As far as I know in such configuration there's no writeback:

<disk type="file" device="disk">
   <driver name="qemu" type="qcow2" cache="none" discard="unmap"/>
   <source file="/var/lib/libvirt/images-red-btrfs/dell.qcow2" index="2"/>
   <backingStore/>
   <target dev="vda" bus="virtio"/>
   <alias name="virtio-disk0"/>
   <address type="pci" domain="0x0000" bus="0x00" slot="0x04" function="0x0"/>
</disk>
[...]
<controller type="pci" index="0" model="pci-root">
   <alias name="pci.0"/>
</controller>

This is mostly empty Win7 virtual machine with very small SQLite database (100-500MiB) with some 
network monitoring tool.

(1)
It took almost a year, I spent hundredths of hours and thousands of $ chasing this issue:
- tired 4 different new SATA controllers, from cheap ASM106X series to, DC grade HBA like LSI,
- multiple times replaced all SATA cables,
- replacing HDDs WD Red drives (mix of CMA/SMR) to WD Red SSDs SA500,
That part changed nothing. I experienced a lot of PCI-E link issues like, disappearing SATA drives, 
disappearing NVME drives - sometimes both of them, USB link problems etc.
But I don't think that link issues was related - the corruption happens without them (indication of 
link reset in dmsg).

- RMA the CPU from i9-13900k to i9-14900k,
- try every available Intel CPU microcode update packaged as BIOS update by mainboard vendor.
This part made the situation better, but I still could recreate corruption errors. As times goes on 
when running in the "performance" mode, the issues appeared often and were more severe. Every time 
switching from performance mode to powersave (lower voltage) made the CPU more stable.

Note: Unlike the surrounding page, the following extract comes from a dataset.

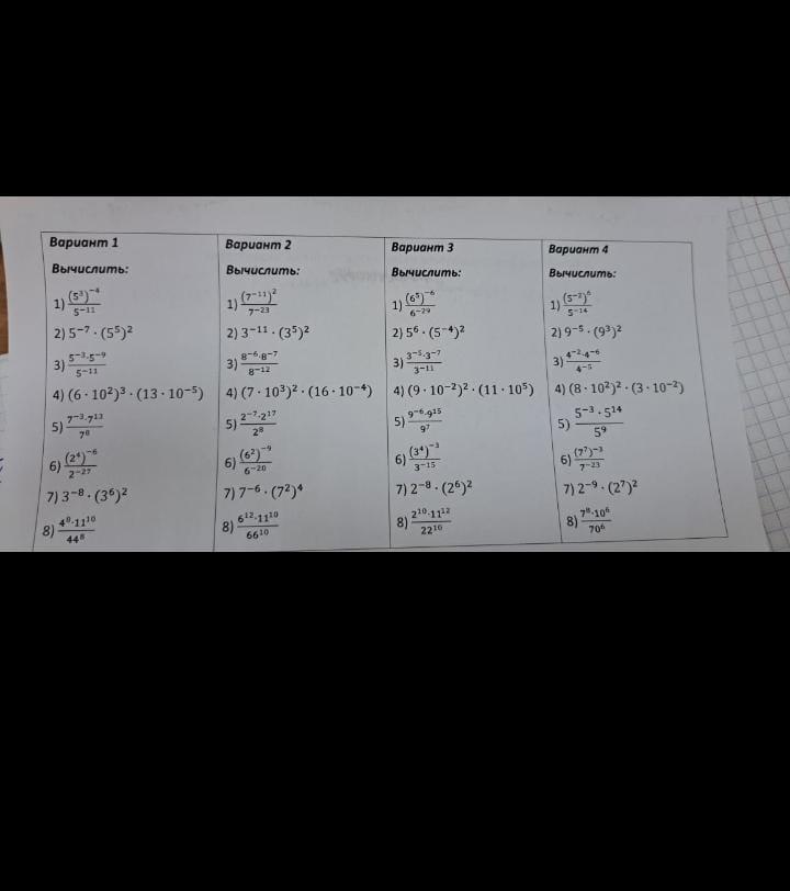 7) 3^-8×(3^6) ^2=3^-8×3^12=3^4=81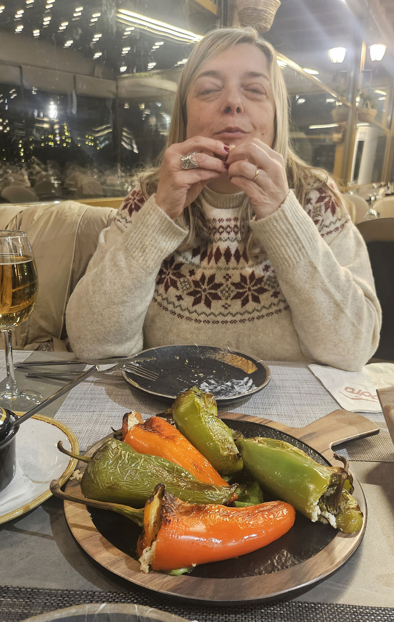 Nos preparamos para el fin de año, estamos en el "hotel Colombo", la cena es abundante pero no muy buena, somos casi 200 personas en distintas mesas y la comida es como de cuartel, además hay un disc jockey, que tiene la música a tope y se es bastante molesto, nosotros cenamos y nos vamos a dormir pronto.

The process of recreation looked as follows.
- shut the VM off,
- defrag the filesystem (btrfs filesystem defragment),
- turn the VM on,
- defrag/chkdsk on VM.
The errors appeared almost immediately. There was correlation how often it happens.
If the VM image was very fragmented in btrfs, then the probability of corruption was lower.

i9-14900k 3 month after RMA, started to have threading issues and started to leave zombie processes 
in performance mode. Powersave mode fixed it as well and it worked stable.

Finally, I replaced my mainboard (it was X13SAE-F) with Intel Z890 mobo and the latest CPU 
generation leaving whole IO stack intact (same: chassis, cables, controllers and disks).
I ran scrub, balance, this VM had one small 4096b unrecoverable error on bluescreen memory dump file 
and everything works fine from couple of days. I can't reproduce it with above method anymore.
I used ddrescue to reread everything I could from btrfs (this one file used by mentioned VM) and 
just replaced the file after ddrescue was done.

On Friday last week I asked Intel for refund.

I am positively surprised how much pain this btrfs filesystem (RAID10 for data and metadata) handled 
over last year. Great job devs, keep it up!

Sincerely,
e.